Allan Pease Standing Tall Interview

Allan Pease Standing Tall Interview

Bedroom performance is only the 'tip of the iceberg' for men suffering erection difficulties with many revealing the condition also has a severe impact on their confidence, self-image and sense of manhood, according to a major report on the widespread problem.

The Standing Tall Report, based on a nationwide Galaxy survey of more than 1,000 men with erection problems, found the majority of sufferers regarded their inability to have sex as secondary to the impact of the condition on other aspects of their lives.

According to the survey, commissioned by Lilly Australia, many men admit the impact of erection problems is felt on an ongoing basis and extends far beyond the ability to have sex.

"Self-esteem is the biggest problem," says body-language expert Allan Pease, himself a man affected by erection difficulties resulting from prostate surgery 13 years ago. "The impact of the condition extends far beyond the ability to respond physically when aroused," he said.

While 60 per cent of survey participants who sought medical help said the ability to have sex was one of their reasons for doing so, only 35 per cent said it was the main reason.

Around 65 per cent of men indentified the desire to 'feel normal?, the need to 'feel like a man again' and 'concern for their relationship' as the primary reasons for speaking to a doctor about their condition.

"Many men define manhood by the ability to have an erection," says Allan Pease. "Erection problems dramatically affect your confidence and you wonder if you'll ever feel like a man again.

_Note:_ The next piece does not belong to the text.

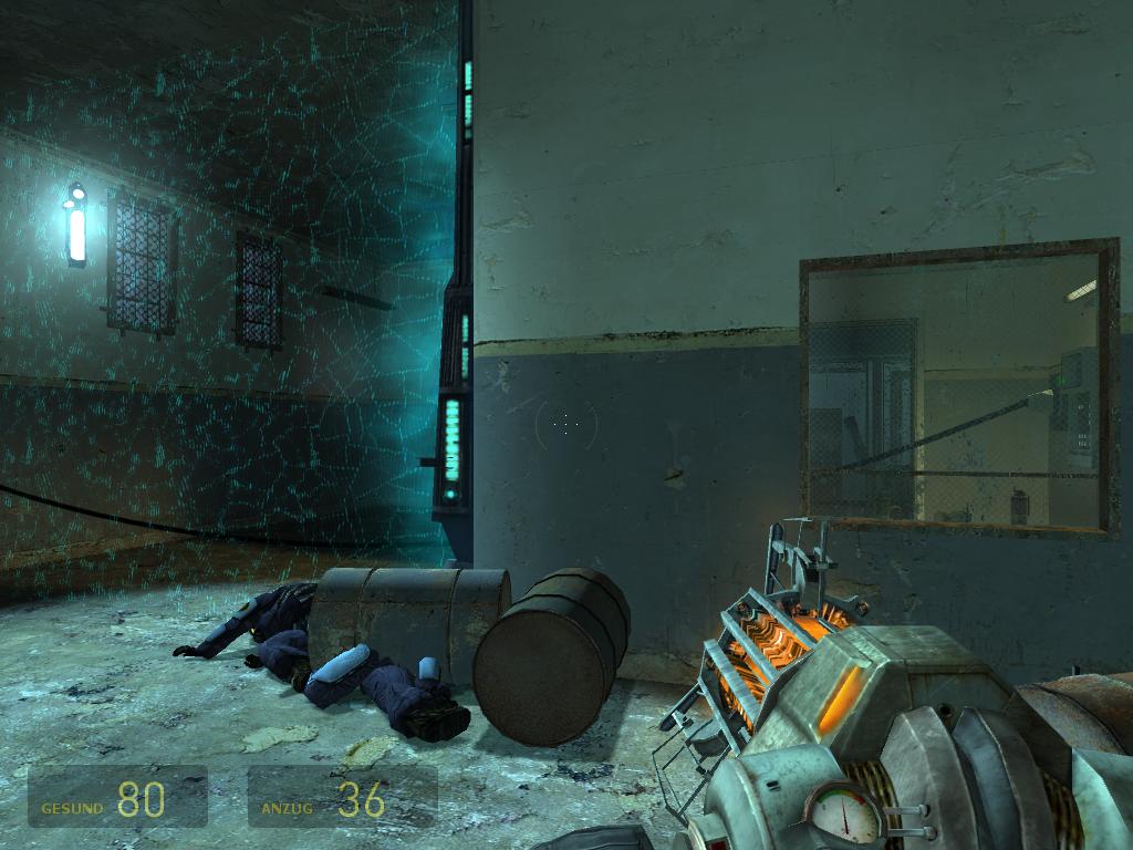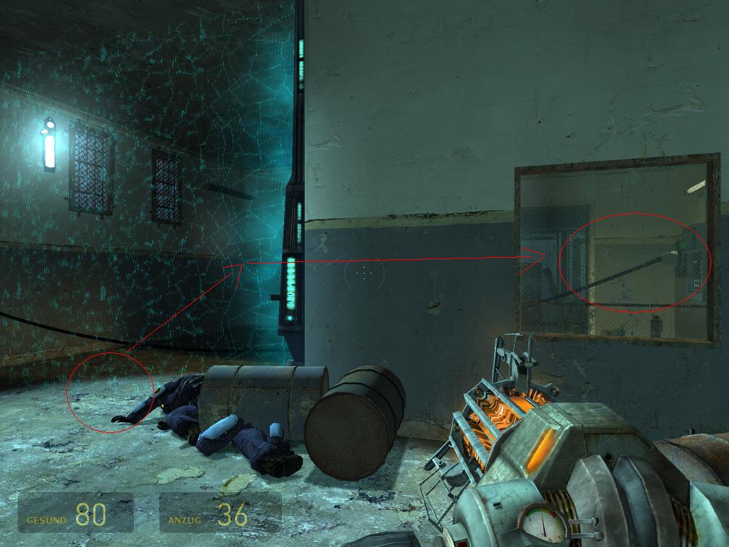 Tipp: Fässer und Heizungen lassen sich auch durch die Absperrungen mit der Gravity-Gun aufnehmen und gegen die Wand schleudern... manchmal trifft man dabei auch was an der Wand...

It's a compounding thing that goes far beyond the actual erection or having sex."
"When a man goes to the doctor for help it may seem that he is after a quick fix but he is really looking to restore his self-esteem, his confidence and his identity," Allan Pease said.

Commenting on the Report, Sydney based sexual health physician, Dr Michael Lowy, said the majority of men who initiate treatment for erection problems are looking to address a broader range of issues than simply the ability to have sex.

"For many men, the nature of the condition extends far beyond the bedroom and acts as an ongoing source of concern, fear and anxiety," Dr Lowy said.

The Standing Tall research found that men with erection problems suffer high levels of anxiety induced by doubts about their virility and by constant reminders of their problem.

The Report found that for 43 per cent of men with erection problems, just the thought of having sex can make them anxious. Furthermore, one-in-two men admit to being reminded of their condition by physical contact with someone they find attractive.

Nearly 60 per cent of survey participants admit they had experienced a lack of confidence when interacting with a person they found attractive because it reminded them of their condition. Other reminders include seeing an attractive person, exposure to sexually suggestive or explicit materials and even jokes with sexual themes.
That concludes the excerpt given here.